Many have been critical of the new DSM. Psychiatric nosology has long been more controversial, and less amenable to consensus, than its biological counterpart. Often one is asked, for example, whether chronic, excessive drinking is a disease. Many would say that is it. However, when you think about it, what we have identified is, in fact, the behavior – more properly speaking a symptom of what may be an underlying disease. Yet, that answer does not always satisfy: what if someone had this “disease” yet exhibited no symptoms? By what standard can we call this person diseased? In the end, those of us dealing with behavioral afflictions are often haunted by a peculiar reality: is a certain behavior a disease, symptom of a disease, or both? Maybe the best answer is that the behavior is both disease and symptom.
Still, that can’t be right, can it? Our reasoning in that case would be hopelessly circular. Yet even the inebriety theorists of the 19th century struggled with this paradox, unable to escape the need for a kind of circular reasoning still often used today—and we are now in the early 21st century.
If any reader thinks that I am simply playing word games or logical tricks, please note: this confusion over symptom and disease is far less likely to haunt a strictly biological affliction like the measles.
There is a difference, perhaps not absolute but still poignant, when we try, despite all odds, to make sense of the human soul rather than material reality.

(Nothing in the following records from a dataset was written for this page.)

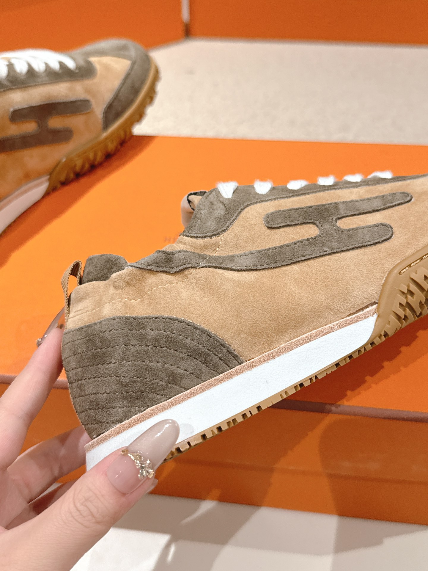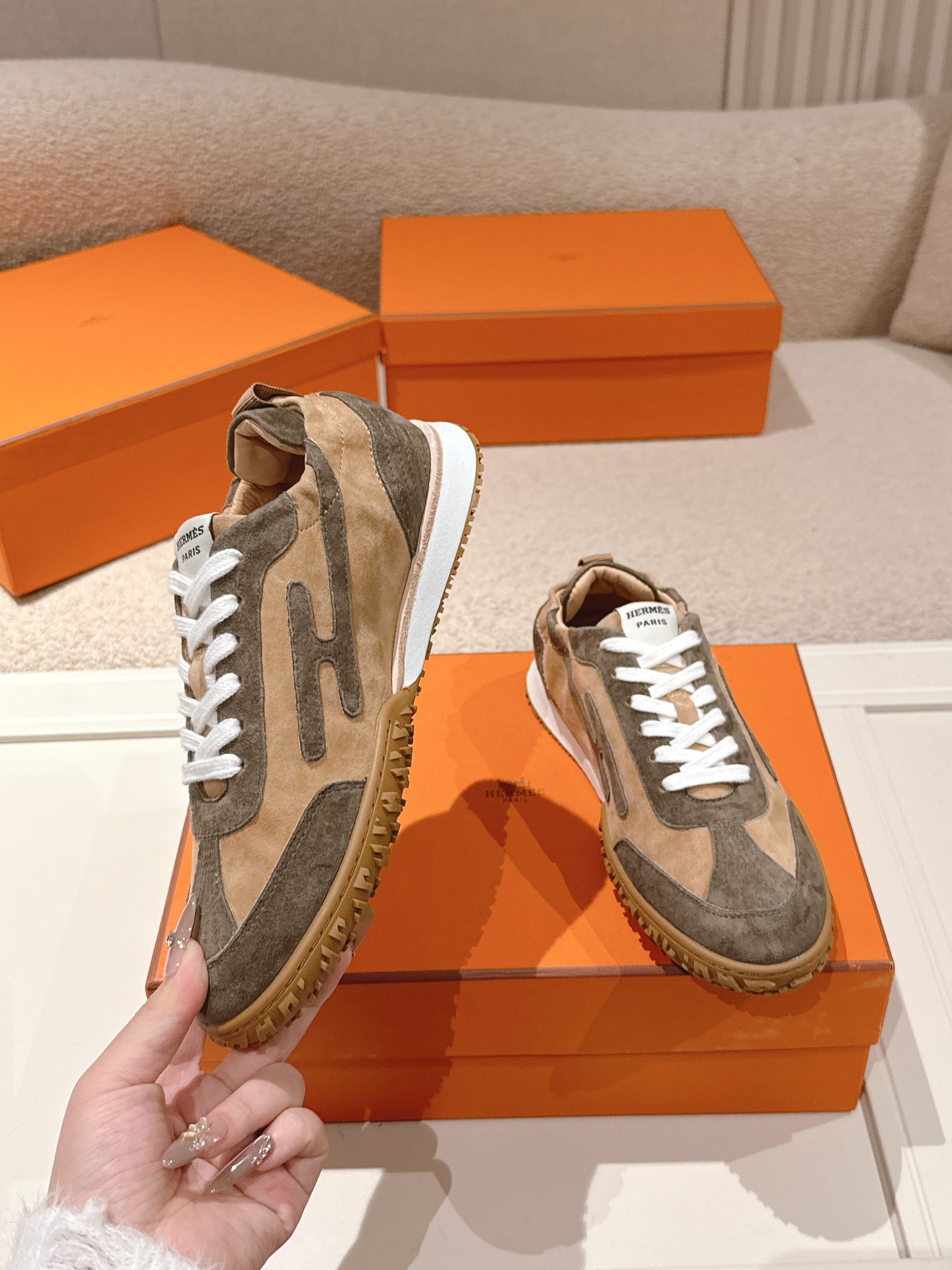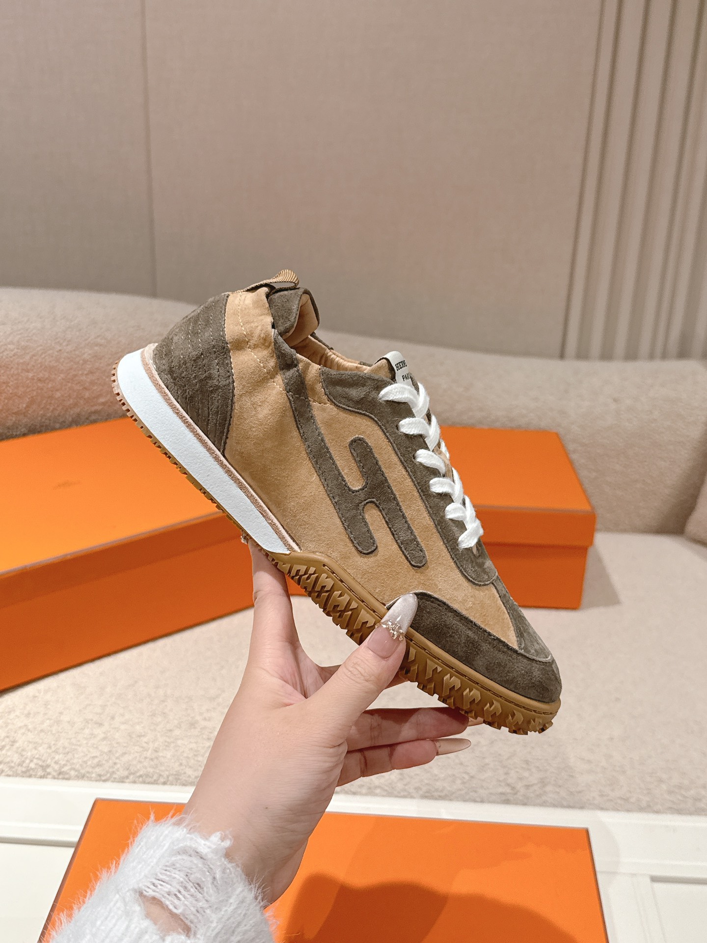 Hermes top version sneakers, suede and calfskin, mixed sheepskin lining, original TPU sole, 2cm thickness, sizes 35-45.
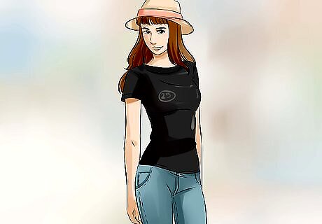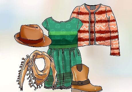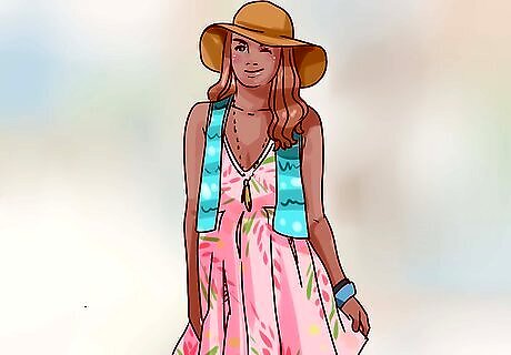 Select a patterned dress for a more feminine look. Earhart designed and occasionally wore dresses. Choose a floral print or polka-dot dress in neutral colors, like black and white or cream and navy. The dress should either be full-length or hit below the knee. Cinch a belt at your natural waist and finish the look with a pair of pumps and a wool cloche hat. A drop-waist dress was favored by Earhart, so consider trying that style.
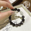 Silver obsidian black hair crystal bracelet 13
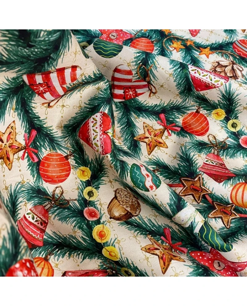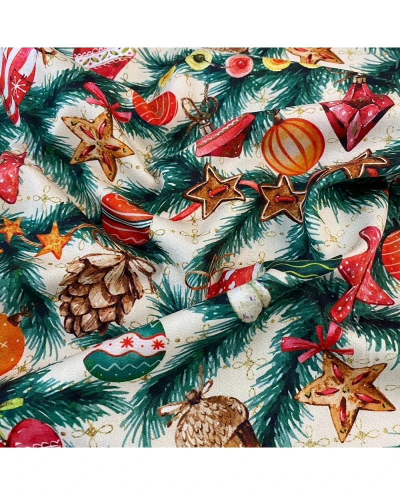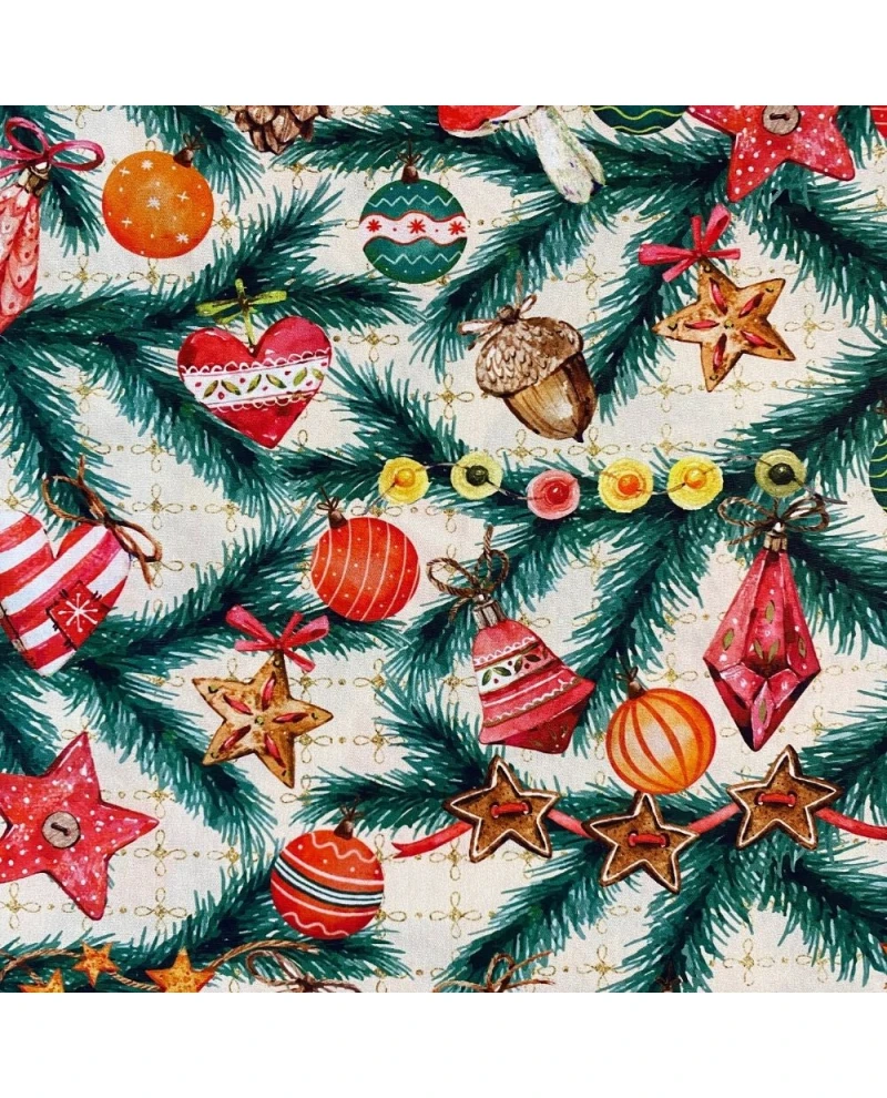 O Tricoline Digital Ramos Natalinos com Enfeites é ideal para quem busca um tecido temático vibrante, cheio de detalhes e com visual artesanal. A estampa traz ramos verdes de pinheiro decorados com estrelas, bolas coloridas, cogumelos, pinhas e pequenos ornamentos natalinos que criam uma composição encantadora e muito rica visualmente.
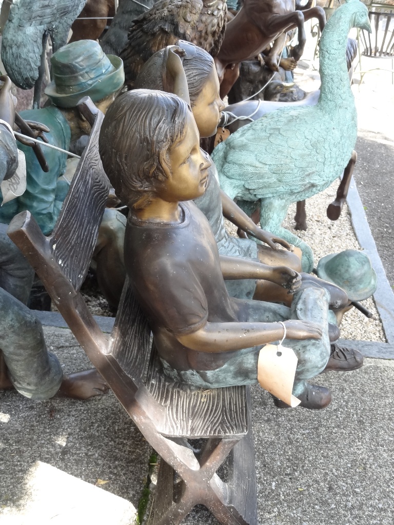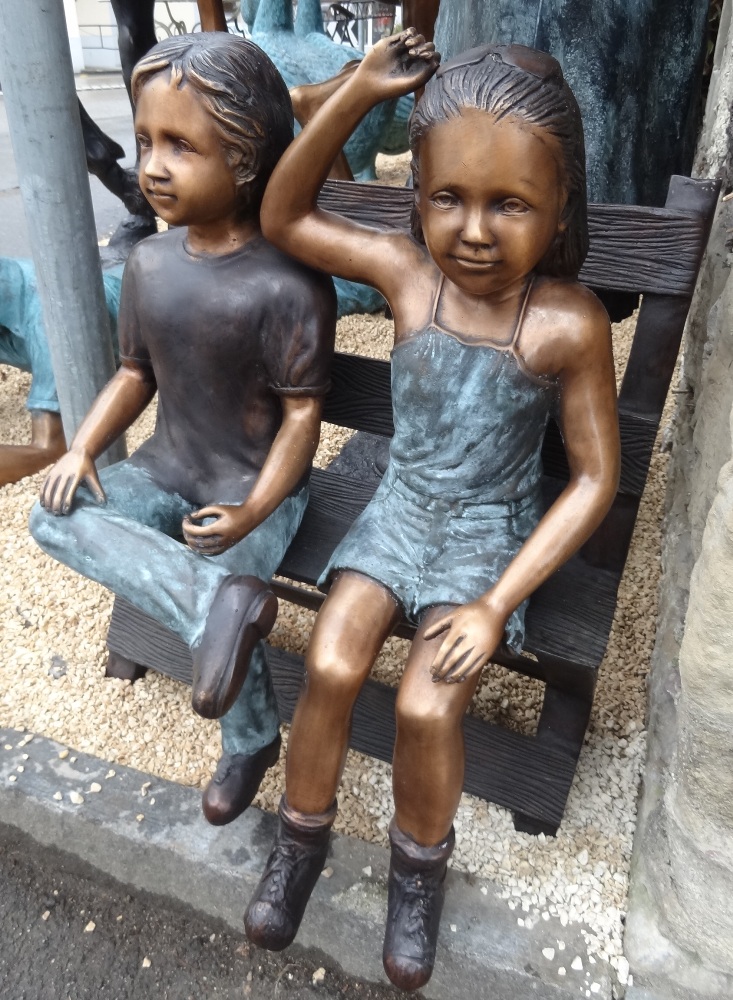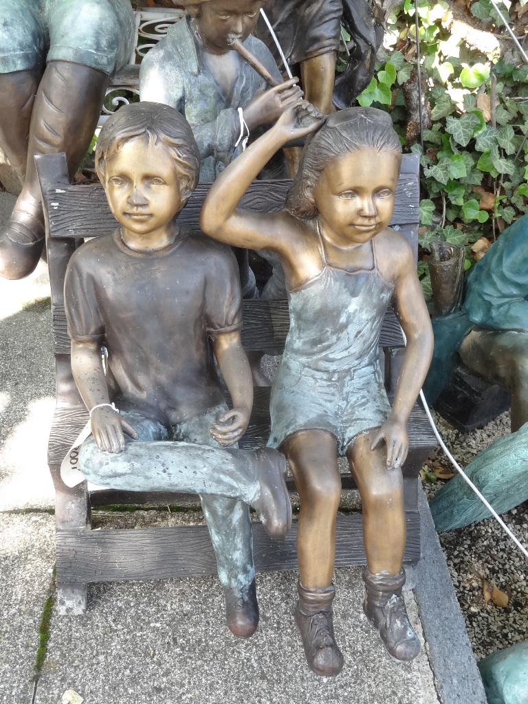 Bronzefigur Mädchen und Bub sitzend auf einer Bank.Gewicht 24kg
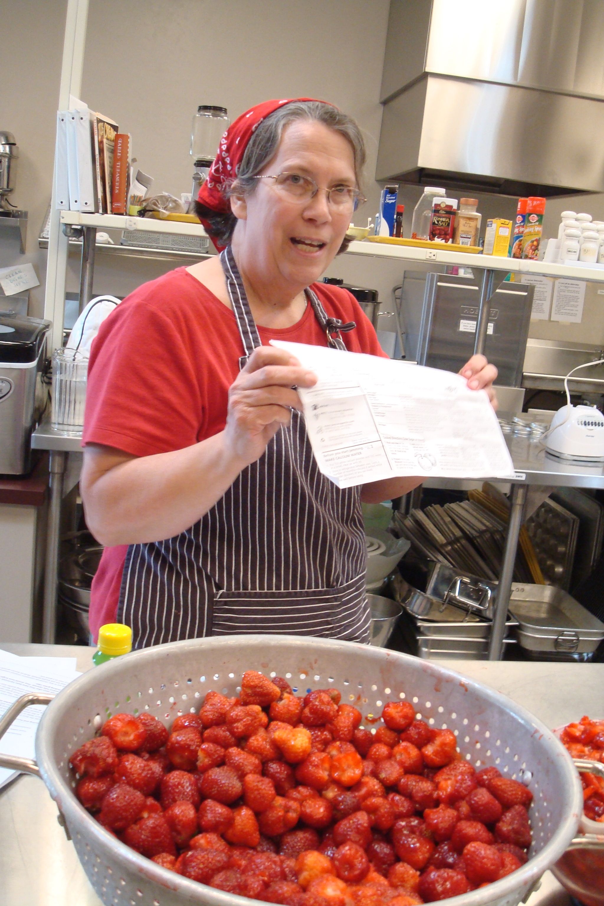 We made low-sugar strawberry jam (and took jars home), strawberry smoothies with yogurt and silken tofu (a food bank staple that often befuddles folks) and a fresh strawberry vinegar for a vinaigrette I helped demonstrate. See the recipe below. I also mixed the vinegar with seltzer for a bracingly tart drink that might be good with simple syrup. Like those Asian drinking vinegars popular at Pok-Pok or old-fashioned shrub drinks. But buyer beware (of stomach ulcers apparently) with the “vinegar cure.”
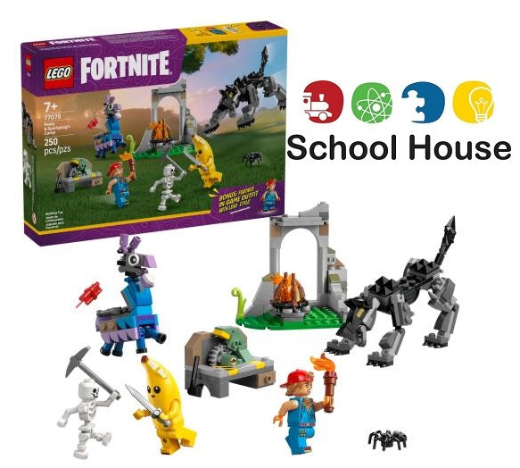 The playset replicates the first challenges players encounter in the LEGO® Fortnite® Odyssey video game, and boys and girls will have fun building the campfire, a workbench and ruins that can be deconstructed and reconfigured. It also features a Supply Llama figure and a wolf figure with a movable tail and legs. The action is brought to life by minifigures of Peely, Sparkplug and a skeleton, who come with weapon accessories to encourage imaginative role play.
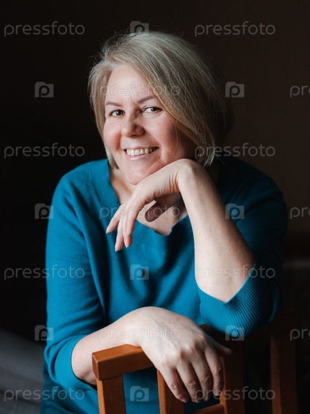 Портрет пожилой красивой пенсионерки на темном фоне
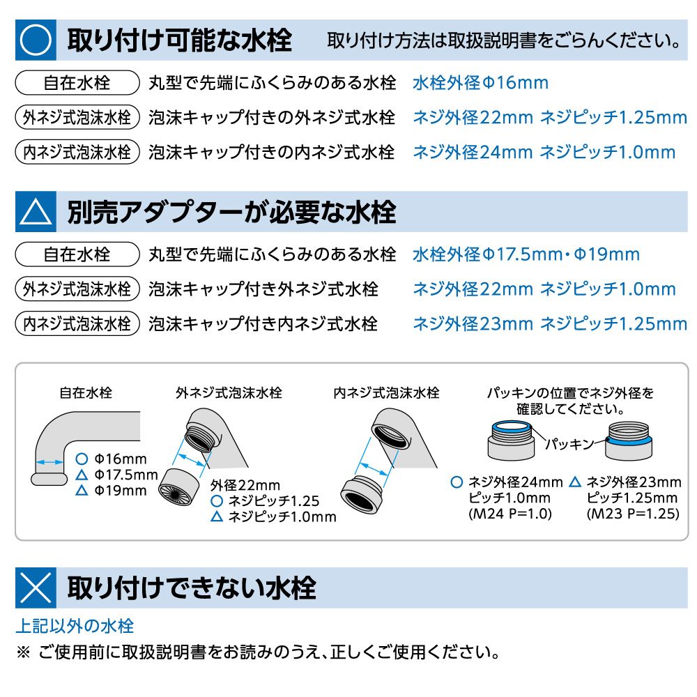 | 仕様2 | 取り付け可能水栓:自在水栓(16mm)、泡沫水栓(外ネジ式)、泡沫水栓(内ネジ式) |
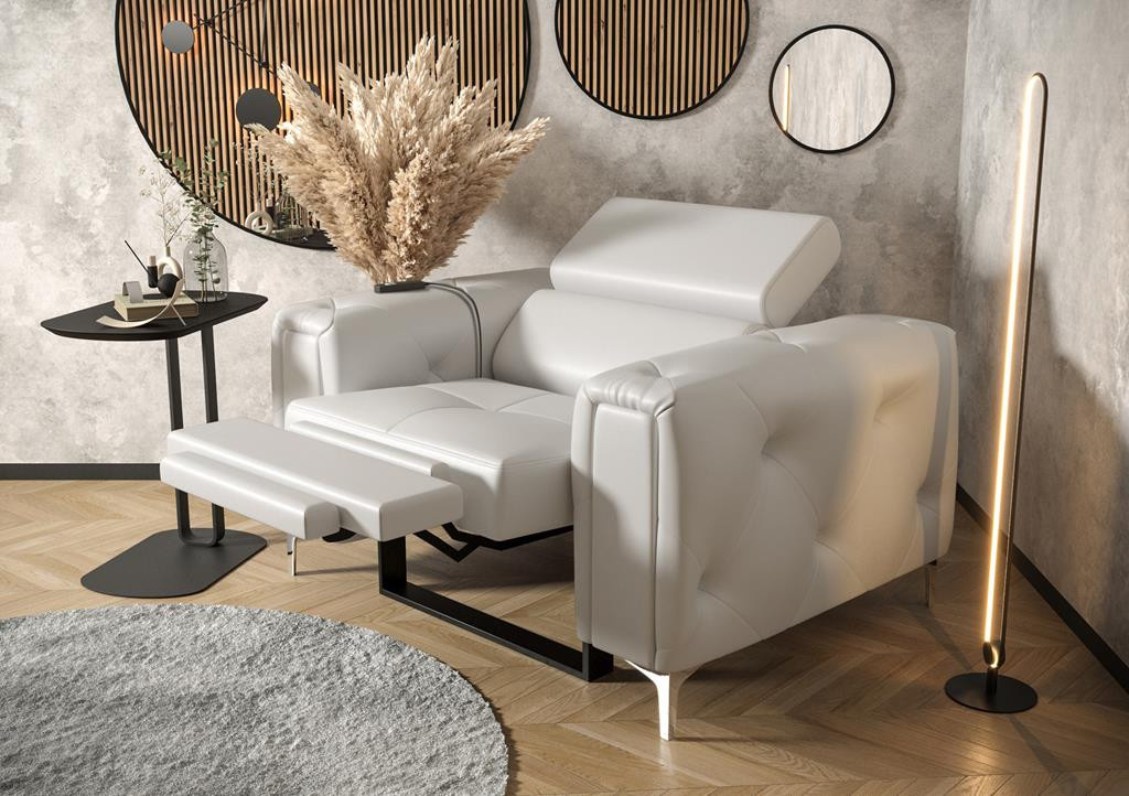 Kolekce nábytku Orion je něco, co nikde jinde nenajdete! Charakteristickým prvkem jsou krásně zdobené, prošívané boky ve stylu glamour. Kromě estetických prvků stojí za to věnovat pozornost dokončení v podobě nastavitelných opěrek hlavy, které usnadní přizpůsobení výšky opěradla tak, aby byla pro vás ideální. Vysoké 13 cm kovové nohy podtrhují celek a dodávají konstrukci lehkost.
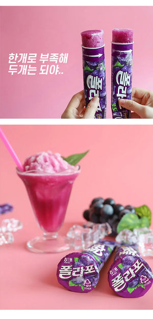 Grandes trozos de hielo con sabor a uva realzan el sabor refrescante y fresco.
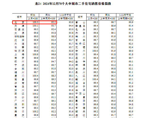 随着2024年10月-12月成交起量,北京二手房价格连续3个月环比上涨。
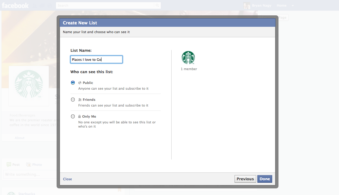 A user can name the list anything they want and choose who they want to have see the list. Once they are done, they can view their list in their news feed:
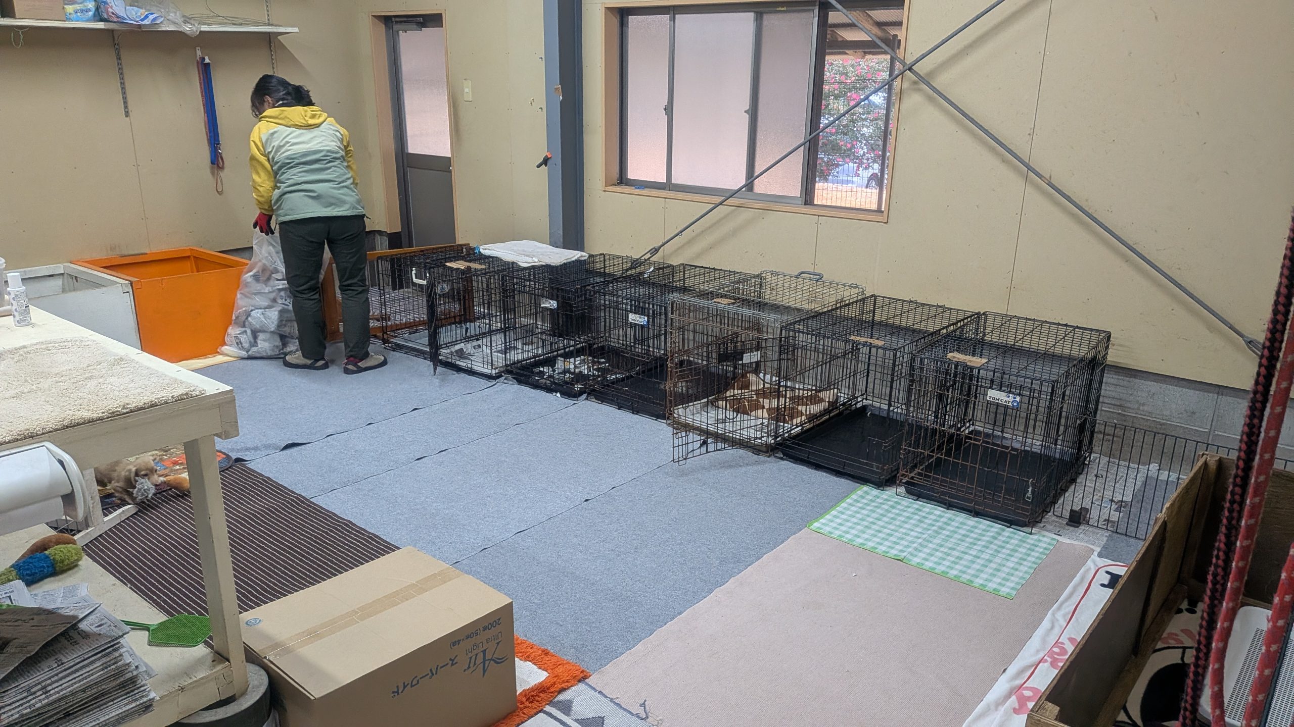 介護のお部屋、元気な子たちの部屋、それぞれ手分けして掃除します。

The logic of our inquiry will shift, with the very structure of our conceptualization changing with it.
Foucault did a magnificent job of explicating this issue in ways with which few could argue. He pointed out, for example, that one could envision a sociology of sociological practice, or perform a psychology of psychological practice; yet a physics of physics, like a chemistry of chemistry, is simply not feasible. The self-referential nature of what Foucault called the human sciences changes the very structure of our thinking, leaving us with paradoxes that might not haunt the harder sciences (or, if nothing else, the paradoxes are less troublesome). Consider how the sociological study of sociology could, itself, be studied sociologically. Take that same line of thought going inward to the human soul, and a very similar infinite regress can ensue: questions are pushed farther back, into the recesses of the soul—an issue that renown addiction scholar Robin Room discussed when trying to make sense of the notion of “craving” often said to accompany all addictions. Addictions are explained by reference to “craving”, yet this simply gives the phenomenon a name, pushing the purported answer farther back—leaving us with a process that could go on ad infinitum.
Some would argue that all this simply shows that the mental and behavioral diseases we posit are fictitious, though there is no denying the reality of the suffering many experience. How to proceed?
Perhaps some intellectual humility is in order. Care should be placed when employing terms that label anyone, whether we are dealing with a disorder (addict, schizophrenic, delinquent) or simply a finalizing designation (homosexual, heterosexual).
This is certainly not the right forum for a thorough discussion of these conceptual dilemmas. Even if I wrote a whole book on the topic my efforts might justly be viewed as introductory. So I raise some issues we can all ponder, and will leave you with one more thought to consider: I once read somewhere that, at academic conferences, humanities and social science scholars pause and say “um” several times more often than physicists, chemists, and other natural scientists. It could be that Foucault, when trying to unravel the many difficulties that haunt the human sciences, was trying to address a conceptual dilemma that becomes apparent whenever we—scholars of the human condition—pause, scratch our heads, and say “um."